Papelón en Venezuela

Papelón en Venezuela

Mejor o peor, España fue capaz de desplegar, tras la Transición, una política exterior común, mínimamente consensuada. Suele ser algo habitual en las grandes democracias, como Estados Unidos, Alemania, Francia o el Reino Unido. La crisis política de Venezuela ha demostrado que ahora esto no es así en España, donde la Oposición se desmarca del Gobierno a la primera de cambio, el Gobierno titubea y el principal socio parlamentario del partido del Gobierno sostiene justo lo contrario que los grandes socios europeos. Más allá de lo que piense cada uno, parece evidente que con una política exterior así no se va a ninguna parte.

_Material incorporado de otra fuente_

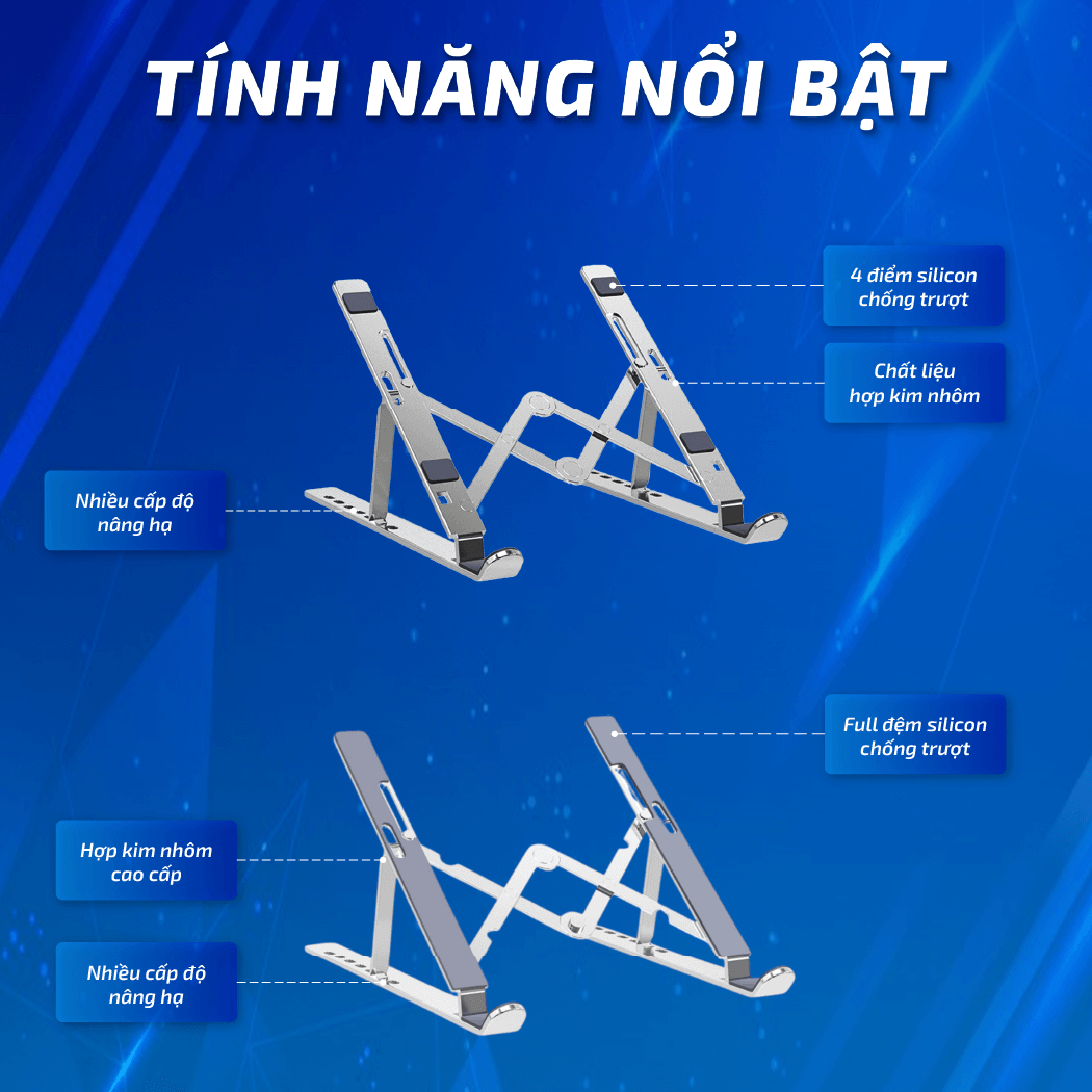 Khung hợp kim nhôm bền chắc, nâng nhiều. nấc chuẩn công thái học giúp giảm mỏi cổ – vai – lưng, bề mặt thoáng hỗ trợ tản nhiệt. Đệm silicone chống trượt bảo vệ máy, gập. gọn nhẹ nhàng, phù hợp laptop 11–15 inch.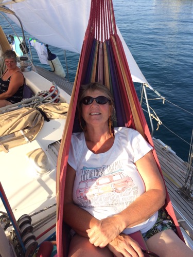 We got back to Nimmie and had just settled down to sleep – some on deck and some below (it was still so hot!) when the electrical storm started, very spectacular sheet lightning and soon the predicted gusting wind started up. We watched the lines to shore anxiously as the gusts went up to 25 knots, then 30 knots, then 35 and hitting 40 knots. But thankfully all held! Not so for those around us – we can only describe it as carnage! Many boats gave up as as anchors dragged and they motored further out in the cove, some tried to re anchor and one boat (‘next door but one’) ran aground on the rocky shore. It was a very hectic night! The wind and lightning eventually receded and next morning was lovely – calm and sunny! Breakfast versus the wasps – the wasps won and we decided to move on, but not before Jo went diving to retrieve the mask and snorkel dropped by Sheila the day before and also to look at the keel with a view to giving it a clean. A tense 20 minutes for all bar Jo, as a number of boats came in to the cove and Sue and Sheila struggled to maintain the role of indicators of ‘diver below’ (normally carried out by orange inflatables attached to the diver!) The mask and snorkel from the bottom of the cove (6 metres) were retrieved and Liz’s adrenalin levels eventually subsided!! An orange inflatable was purchased next day!!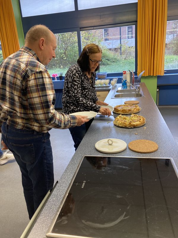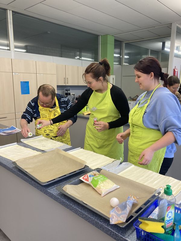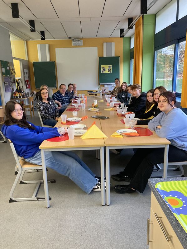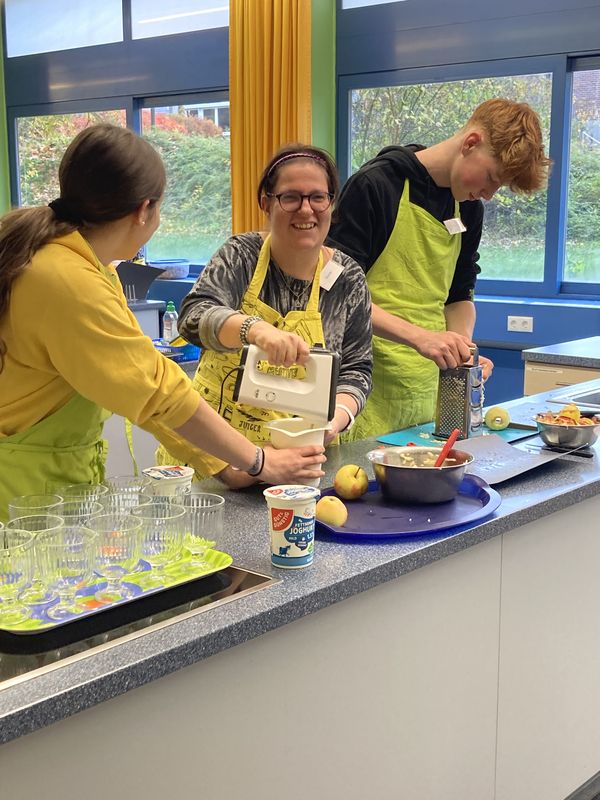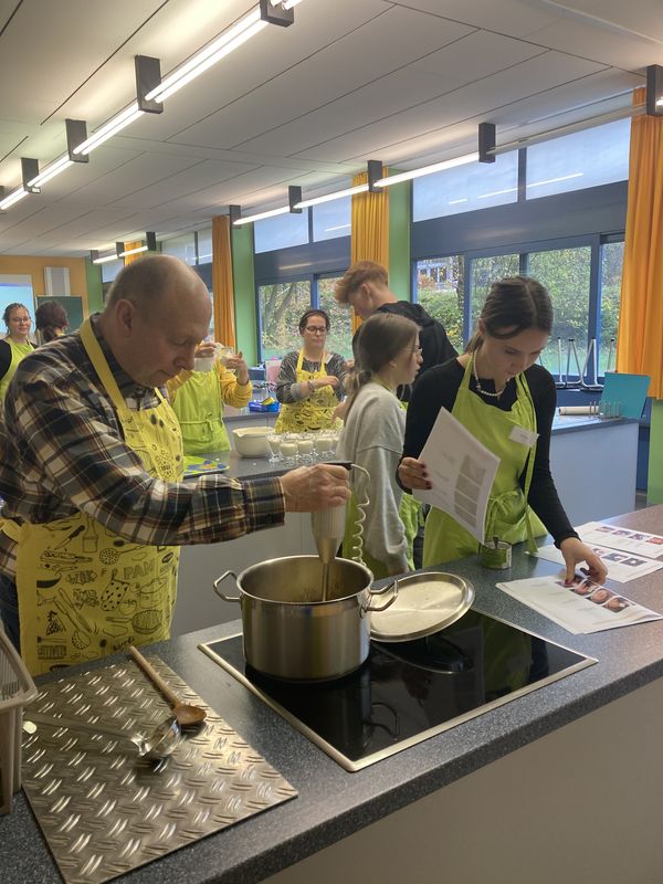 Das Schulmotto der Carl-von-Linde Realschule „miteinander leben – voneinander lernen“ bekommt durch ein Kooperationsprojekt der Realschule mit dem Haus Schmeilsdorf einen ganz neuen Geschmack. Acht Schülerinnen und Schüler des Sozialwesenzweiges und vier Bewohner des Hauses Schmeilsdorf absolvierten einen Kochkurs unter Leitung der Lehrkraft für Ernährung und Gesundheit, Katharina Rödel, in der Schulküche der Realschule. Die Vorfreude war auf beiden Seiten groß. „Wir freuen uns sehr, dass ihr unsere Gäste seid“, begrüßte Schulleiterin Monika Hild die Menschen mit Beeinträchtigung des Hauses Schmeilsdorf, die sich zusammen mit ihrer Betreuerin, Melanie Dittrich, und ausgestattet mit Schürzen in der Schulküche eingefunden hatten. Das Ziel der Kooperation - initiiert durch Kerstin Fuchs, Case Managerin im Haus Schmeilsdorf - ist, durch einen offenen Umgang mit dem Thema Beeinträchtigung und über gemeinsames Kochen, Berührungsängste abzubauen sowie Toleranz und Verständnis für Betroffene zu fördern. In vier Kochteams, zusammengesetzt aus je zwei Schülerinnen und Schülern und einem Gast aus Schmeilsdorf wurde ein leckeres herbstliches Drei-Gänge-Menü gezaubert. Es war wunderbar zu sehen, welche Freude es machte, gemeinsam zu schneiden, Suppe abzuschmecken, Sahne zu schlagen, Äpfel zu reiben, Käsestangen zu drehen und Cocktails zu mixen. So kamen die Teilnehmenden schnell ins Gespräch, gaben sich Hilfestellungen und tauschten sich über Kocherfahrungen aus. Beim anschließenden Essen zeigte sich, dass durch das gemeinsame Kochen bereits sämtliche Berührungsängste abgebaut waren. In fröhlicher Runde wurde über die Freude am Kochen, Urlaubspläne und Freizeitbeschäftigungen geplaudert. Die teilnehmenden Schülerinnen und Schüler erfuhren so Spannendes über den Alltag in den Wohngruppen des Hauses Schmeilsdorf. Auch überragende Fremdsprachenkenntnisse einer Bewohnerin des Hauses Schmeilsdorf traten zu Tage. So wurde das Motto „voneinander lernen“ gelebt. Am Ende des Projektauftaktes verabschiedeten sich alle Beteiligten glücklich und satt nach Hause, mit jeder Menge neuer Erfahrungen im Bereich Koch- und Sozialkompetenz und nicht zuletzt mit dem Wissen, was man unter einer „Chaiselounge“ versteht, auf der man sich getrost nach dem langen, erfolgreichen Tag ausruhen kann. Es war ein überaus bereichernder, kurzweiliger und von gegenseitiger Sympathie geprägter Kochnachmittag, nach dem sich alle Beteiligten einig waren: Eine Fortsetzung der Kooperation und Wiederholung dieses Kochprojekts wird bald folgen.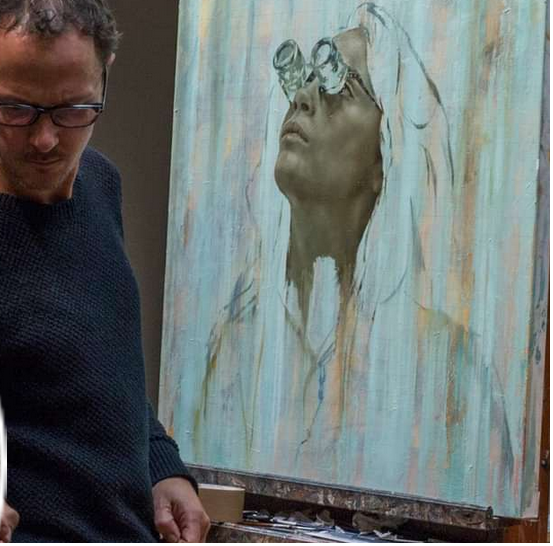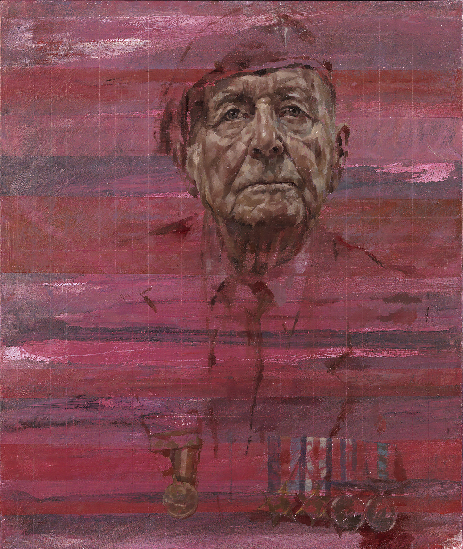Вот его же работа (a portrait of D-Day veteran), даже цвета похожи, но выглядит органичнее, нет ощущения висящей в воздухе головы.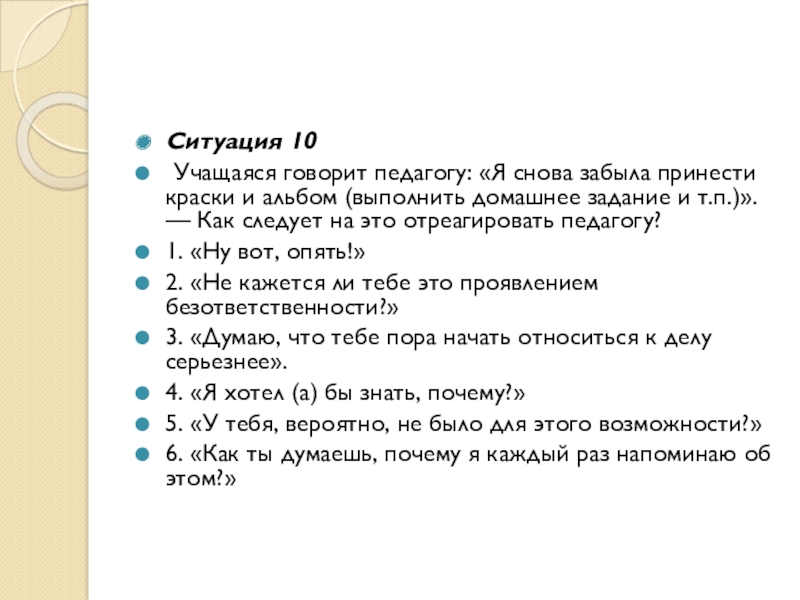 (выполнить домашнее задание и т.п.)». — Как следует на это отреагировать педагогу?
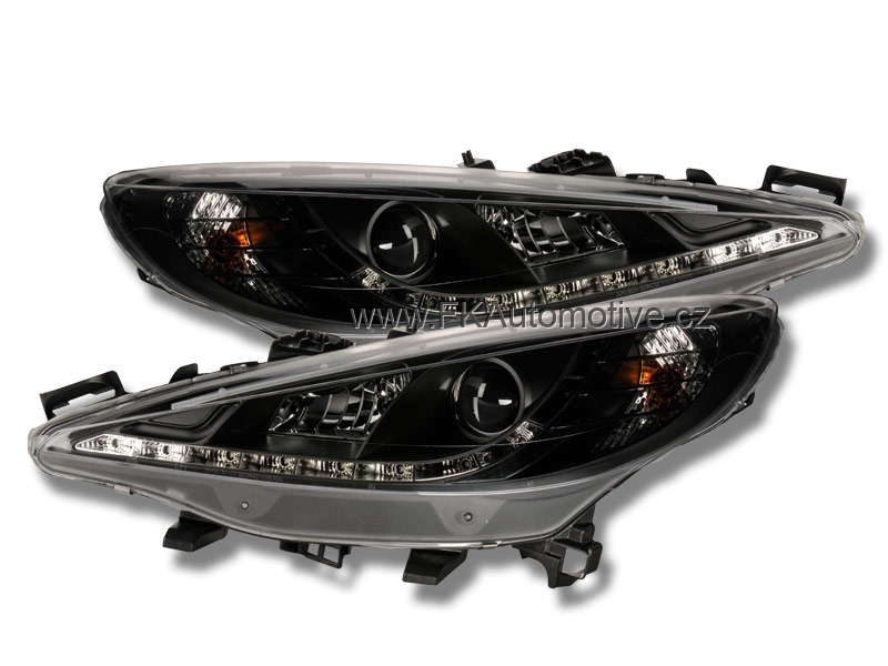Přední světla s LED pruhem denního svícení, styl Devil Eyes na Peugeot 207 r.v. 06-, černé pozadí, integrovaný blinkr, manuální ovládání naklápění. Cena je za pár.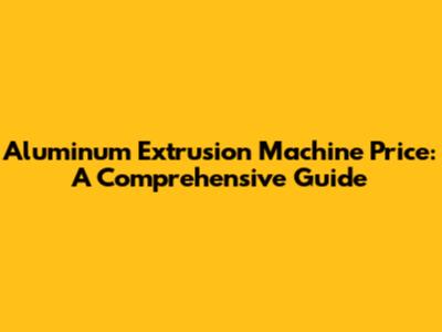 Aluminum Extrusion Machine Price: A Comprehensive Guide

La situación es tan divergente que incluso los tres presidentes socialistas de la democracia --Felipe González, Rodríguez Zapatero y Pedro Sánchez-- han expresado cosas radicalmente distintas. ¿Resultado? España, tras vacilar, terminó diciendo algo parecido a lo que indicó Alemania, que puede tener sus razones para actuar como actuó, pero que no tiene el peso que se le supone a España en América Latina.
Más allá del postureo, Pedro Sánchez ha demostrado tener poco nivel en el tablero internacional. Lejos de poner en valor su aparente cautela, esta actitud timorata le ha hecho poco fiable para Estados Unidos, poco relevante en Europa, poco convincente para Juan Guaidó y encima terminó siendo denostado—en público— por Nicolás Maduro. Todo eso fuera de España, pero dentro las cosas no le fueron mejor. Cabreó al partido con el que se alterna en el Gobierno, el PP, y defraudó a su socio de izquierdas, Unidos Podemos, uno de los contados aliados que tiene el chavismo en el Occidente democrático.
Este lamentable estado de cosas prueba que España tiene un problema en política exterior pero también que el PSOE precisa saber dónde está. Sería preocupante que se confirmase que España estuvo no solo ausente sino ignorante del diálogo secreto que permitió la coalición internacional anti-Maduro. El expresidente Felipe González no ha podido ser más claro a ese respecto.
Las explicaciones de Pedro Sánchez este sábado en la Moncloa no solo llegan tarde sino que aportan poco y entrañan contradicciones. Al anunciar que reconocerá a Juan Guaidó como presidente de Venezuela "si en ocho días no hay una convocatoria de elecciones justas y libres" por parte de Maduro, ¿quiere decir que confía en el comité electoral del chavismo --el CNE-- para esa convocatoria? ¿Y a quién reconoce España mientras tanto? ¿A Maduro? Digásmolo claro: se puede estar con Maduro y contra Maduro --es lo que hacen grandes potencias como Rusia y Estados Unidos--, lo que no se puede es hacer el ridículo, y encima quedar mal. Menudo papelón.